A chatbot that can understand different types of questions (weather, time, goodbye, etc.) and answer them. It learns from examples instead of hard‑coded rules. We will use a small neural network that you can train on your own computer.
Step 1 – Prepare your computer
Install Python (version 3.7 or newer) if you don’t have it. Then open a terminal (command prompt) and install one library:
textCopyDownload
pip install numpy
That is the only external library we need. Everything else we write ourselves.
Step 2 – Understand the idea
A human says: “What is the temperature?”
We want the bot to recognise that as the “temperature” intent and reply: “Let me check the temperature.”

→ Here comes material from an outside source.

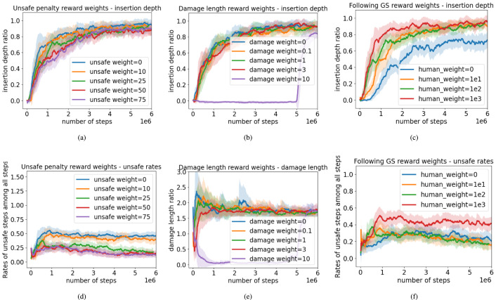 图19. 奖励权重的消融研究。(a), (d): 不安全惩罚 (w3);(b), (e): 损伤长度惩罚 (w2);(c), (f): 遵循金标准奖励 (w4)。对于损伤长度,奖励权重 w2 的影响与其他权重相比不显著,除了过大的权重也会阻止智能体探索。这可能是因为较小的 w2 已经促使智能体直接钻入软组织。
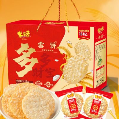 米多奇雪饼礼盒粗粮米饼年货过年送人膨化零食大礼包整箱福利团购

We teach the bot by giving it example sentences for each intent. Then the bot learns to turn sentences into numbers, finds patterns, and classifies new sentences it has never seen.
Step 3 – Create the training data
Create a new Python file called chatbot.py. Copy this into it:
pythonCopyDownload
# Training data: intents, example sentences, and responses
intents = {
"greeting": {
"examples": ["hello", "hi", "good morning", "hey there"],
"response": "Hello! How can I help you?"
},
"time": {
"examples": ["what time is it", "tell me the time", "current time"],
"response": "I cannot see a clock, but you can check your device."
},
"weather": {
"examples": ["how is the weather", "will it rain", "weather forecast"],
"response": "I am a demo bot – in a real app I would call a weather API."
},
"goodbye": {
"examples": ["bye", "see you", "goodbye", "exit"],
"response": "Goodbye! Come back anytime."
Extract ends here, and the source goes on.